Provided material:
——————

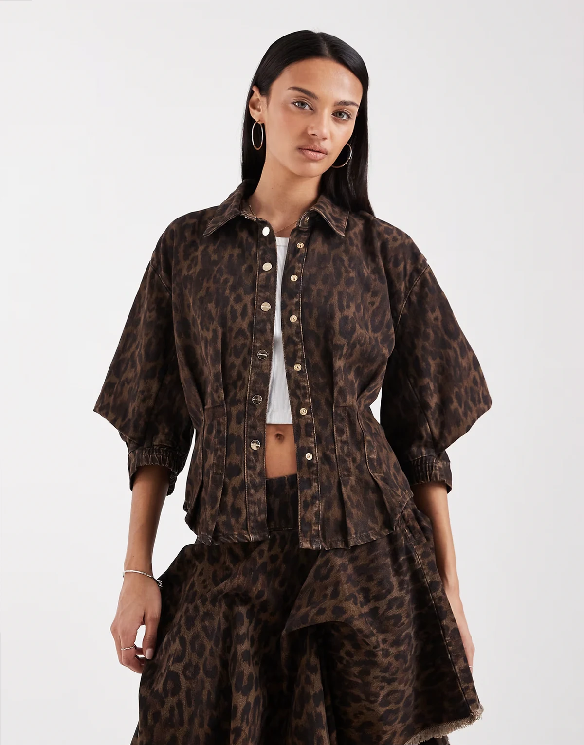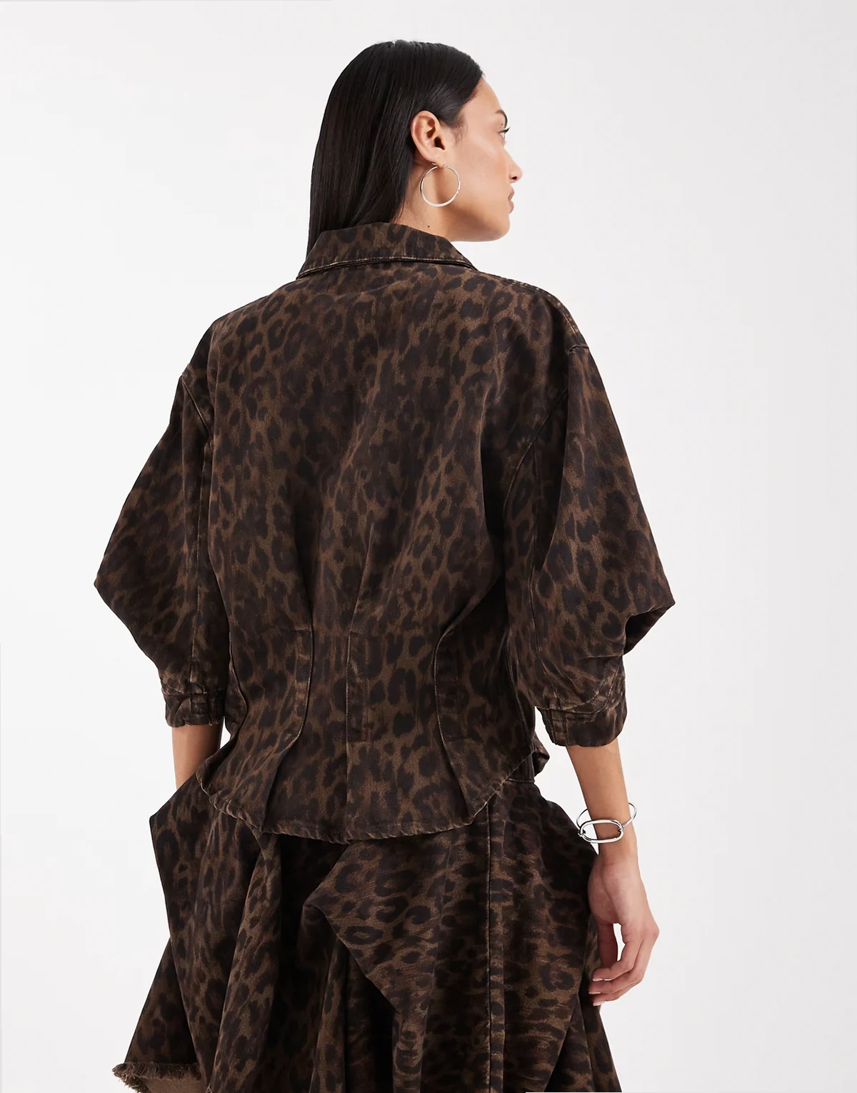 nancy balloon sleeve leopard print denim top in brown
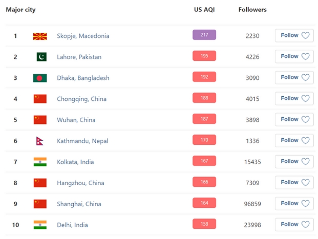 Σύμφωνα με την ιστοσελίδα της ΑirVisual, που κάνει τις σχετικές μετρήσεις, τα Σκόπια ήταν τη Δευτέρα το πρωί η πιο μολυσμένη πόλη στον κόσμο με το νούμερο να ξεπερνά το 200 (δείκτης ποιότητας αέρα).
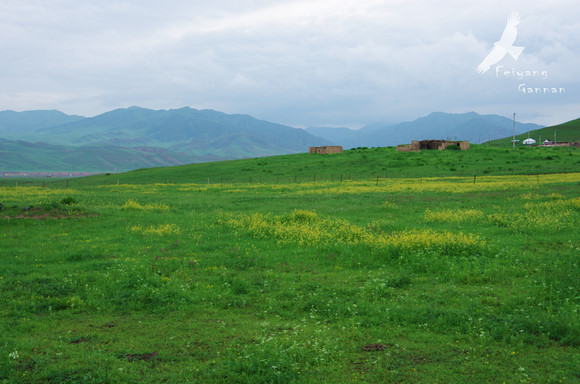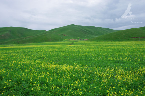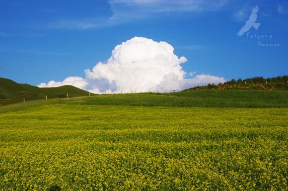 当周草原位于市郊南山脚下,正值油菜花开的季节,草原上除了牧草,就是大片的油菜花和青稞。临近傍晚,光线变的更加柔和,看天上云卷云舒,余晖给它镶上了金,一阵风吹过,汇成一颗心,再仔细看那心,中间还有一支箭穿过。
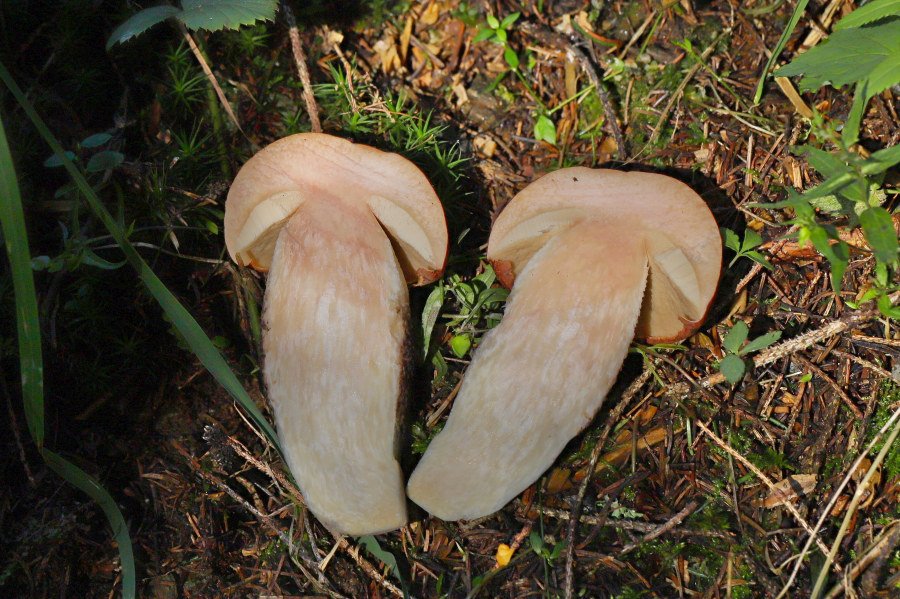 ob man Leccinum piceinum von L. vulpinum sauber trennen kann, wird kontrovers diskutiert. "Meine" Fichtenrotkappe, die ich z.B. aus dem Bayerischen Wald kenne, ist deutlich braunhütiger (dunkles Rotbraun) und die Huthaut steht nicht so stark am Hutrand über. Das sagt aber nichts, da das ja nicht heißt, dass es auch so schön rote Exemplare geben kann (und dass die Huthaut nicht auch mal stark überstehen kann).

——————

Please restate word for word each line from the one containing "Σύμφωνα με την" to the end of the data above, without the pictures.

Solution to the problem:
 Σύμφωνα με την ιστοσελίδα της ΑirVisual, που κάνει τις σχετικές μετρήσεις, τα Σκόπια ήταν τη Δευτέρα το πρωί η πιο μολυσμένη πόλη στον κόσμο με το νούμερο να ξεπερνά το 200 (δείκτης ποιότητας αέρα).
 当周草原位于市郊南山脚下,正值油菜花开的季节,草原上除了牧草,就是大片的油菜花和青稞。临近傍晚,光线变的更加柔和,看天上云卷云舒,余晖给它镶上了金,一阵风吹过,汇成一颗心,再仔细看那心,中间还有一支箭穿过。
 ob man Leccinum piceinum von L. vulpinum sauber trennen kann, wird kontrovers diskutiert. "Meine" Fichtenrotkappe, die ich z.B. aus dem Bayerischen Wald kenne, ist deutlich braunhütiger (dunkles Rotbraun) und die Huthaut steht nicht so stark am Hutrand über. Das sagt aber nichts, da das ja nicht heißt, dass es auch so schön rote Exemplare geben kann (und dass die Huthaut nicht auch mal stark überstehen kann).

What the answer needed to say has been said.